The Photograph: A Vision of Creation
In the first image, the photograph, every element — the bear, the rushing water, the fish — represents the intricate artistry of the natural world. The scene exists independent of human presence, depicting the rhythms and cycles of the wild.
Many would argue that God created everything within this moment: the salmon driven upstream by ancient instinct, the bear’s strength and patience, even the sunlight that makes the scene visible.
The photographer’s role is one of attentive witness: waiting quietly, camera ready, until the scene unfolds, then pressing a button at the perfect instant. Thus, capturing a moment in time.
No part of the bear or river in the photo is man-made; it is a window into creation itself, framed by human hands.
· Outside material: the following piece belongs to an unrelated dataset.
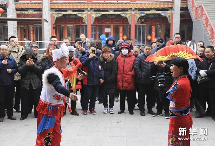 2月10日,民间艺人在山西大同市潘家园古玩市场表演二人台。 当日是春节长假最后一天,各地举行的假日活动丰富多彩。 新华社发(任雪峰 摄)
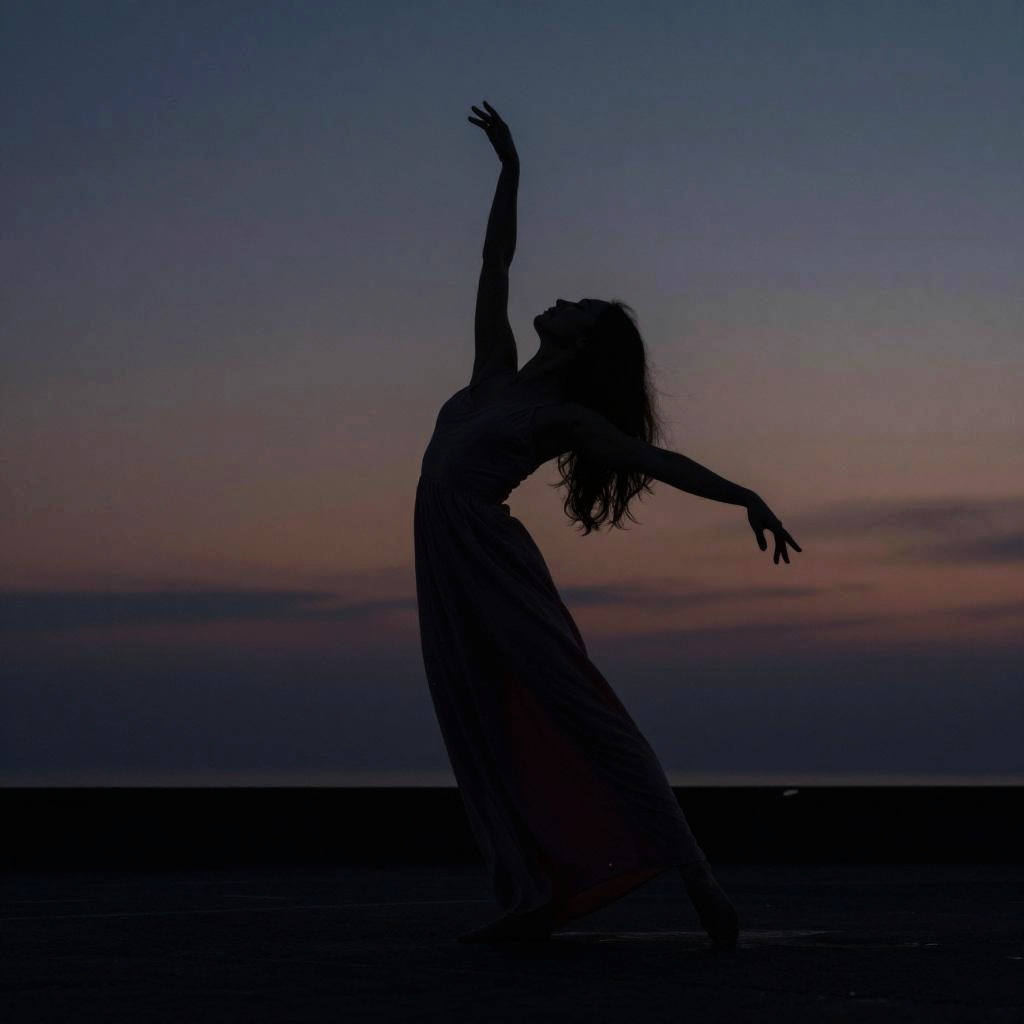 An ethereal depiction of an enigmatic shadow dancer, bathed in subtle twilight hues, with soft velvet shadows and faint glimmers, art inspired by Elena Gordon.

The AI-Generated Image: Human-Curated Creativity
In contrast, the AI-generated image exists only through layers of mediation. To create it, countless photographs of bears, rivers, and salmon were first amassed and digitized.
A person imagined the desired scene — a bear fishing in a mountain stream — and described it precisely to a computer. With a keystroke, the Enter button, they set an algorithm in motion.
The result is not a moment observed in nature, but a composite: pixels arranged and blended by machine learning, based on thousands of prior images, to evoke a convincing simulation of reality.
Two Paths to One Scene
Both images captivate the viewer with the beauty and drama of nature. The photograph is a record of creation, the AI image a product of synthesis, built from echoes of reality.
There is a popular saying, “Good artists borrow, great artists steal,” that is widely attributed to Pablo Picasso. However, its origins are debated, and it may have earlier roots in the works of writers like T.S. Eliot or Igor Stravinsky. The phrase is commonly used to describe how influential artists do not simply copy from others, but instead take inspiration and creatively transform existing works, making them uniquely their own.
Borrowing suggests using another’s idea with acknowledgment and minimal alteration. Stealing, in this context, means deeply internalizing, transforming, and making the idea an integral part of one’s own original work.
The phrase suggests that great artists are not mere imitators — they reinterpret and reinvent source material so profoundly that it becomes something new.